Каждым нажатием я ломаю ей ребро. Мне самому страшно, но я точно знаю, что без этого она умрет. Руби удается попасть иглой ей в вену, хотя и забрызгавшись кровью. Снова появляется медсестра, закрепляет на груди миссис Сингх присоски кардиографа, а Руби надевает ей маску и начинает качать кислородный баллон, подавая воздух в легкие. Я вижу, как грудь старушки поднимается и опадает, когда Руби сжимает его. К этому моменту все ребра уже сломаны, и хруста больше не слышно. Я продолжаю жать на грудину, различая лишь звук собственного сердца, отдающийся в ушах, и шум из-за штор, где рыдают родные пациентки, пока медсестра пытается их увести.
Я все жму и жму, не обращая внимания на пот, стекающий по лицу. Такое ощущение, будто я пытаюсь ее задушить. На секунду мы прерываемся. Включается сердечный монитор. Активность сердца отсутствует, а это значит, что мы не сможем его запустить без помощи электрошока.
– Асистолия! – кричит Руби, – вводите адреналин!
Показания монитора не меняются, поэтому мы продолжаем. Медсестра прибегает сказать, что реанимационная бригада (группа врачей, занимающихся подобными ситуациями) в соседнем корпусе занята другим пациентом с остановкой сердца. У меня начинается паника. Что нам теперь делать? Руби смотрит мне в глаза.
– Все в порядке, Макс, мы справимся. У тебя отлично получается. Продолжай!
Мы трудимся в четыре руки еще 10 минут, пока не прибегает запыхавшийся анестезиолог.
– Вас только двое? – спрашивает он, подбегая к кровати. – Не останавливайтесь!
Скомандовав так, анестезиолог начинает вводить еще лекарства. По-прежнему ничего. Появляются остальные доктора из реанимационной бригады. Проходит еще 5 минут, и анестезиолог отступает в сторону.
– Думаю, продолжать не имеет смысла. Возражений нет?
Мы с Руби глядим друг на друга и останавливаемся. Отходим от кровати и идем мимо семьи миссис Сингх, низко склонив головы, пока анестезиолог сообщает им, что она умерла.
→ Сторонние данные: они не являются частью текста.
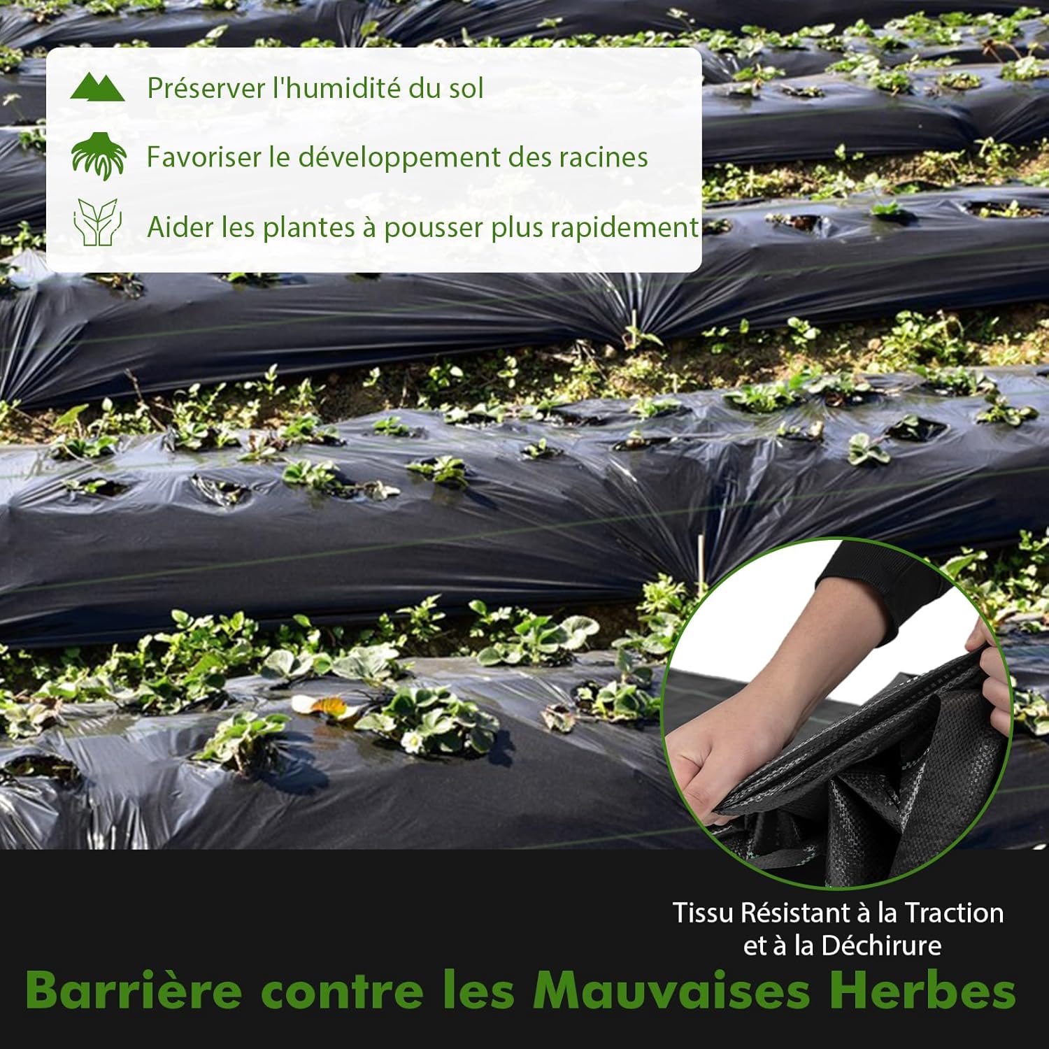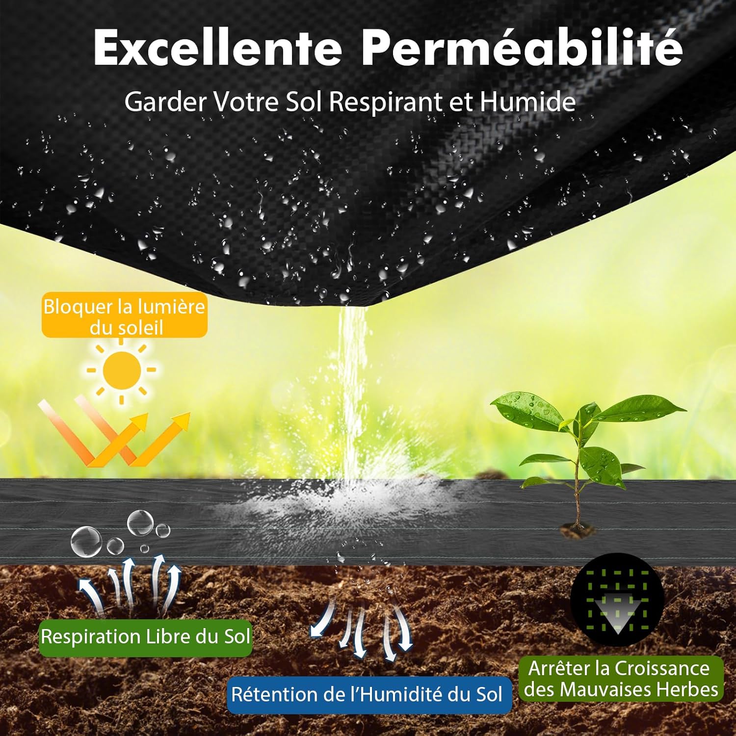 - Contrôle intelligent des mauvaises herbes : Cette toile de jardin de 50 m² est savamment conçue avec une perméabilité supérieure, garantissant que l'eau et les nutriments atteignent votre sol tout en bloquant efficacement les mauvaises herbes.

После работы мы решаем пойти выпить. Молча сидим в баре. Все случилось так внезапно: спешка, приток адреналина, а теперь неизбежный спад. Я могу вспомнить каждое мгновение словно в замедленной съемке. Мы все делали правильно. Использовали все средства, какие могли. Однако это почему-то не утешает. Хруст ее ребер до сих пор отдается у меня в ушах. Ладони ощущают грудину, на которую я давил, понимая, что так надо, иначе она умрет. Но она все равно умерла. Пока мы сидим здесь, дома рыдает ее семья. В этой ситуации не было ничего захватывающего, ничего героического. Как жестоко, как непоправимо! Мы с Руби молчим, оба зная, что думает другой. Нам хочется плакать, но мы понимаем, что это глупо: то, что случилось сегодня, произойдет еще не раз, мы увидим вещи еще хуже и ситуации еще тяжелей. Прикончив свои бокалы, мы под руку в полной тишине идем домой.
Четверг, 20 ноября
Сегодня Льюис вышел с нами покурить за корпус радиологии.
– Но ты ведь не куришь, – сказала Руби, наблюдая, как он откашливается и отплевывается, затянувшись сигаретой, которую у нее стрельнул.
– Ну да, но в больнице это единственное занятие, не подразумевающее контакта с чужими телесными жидкостями, – говорит он, выдыхая струйку дыма и снова заходясь кашлем.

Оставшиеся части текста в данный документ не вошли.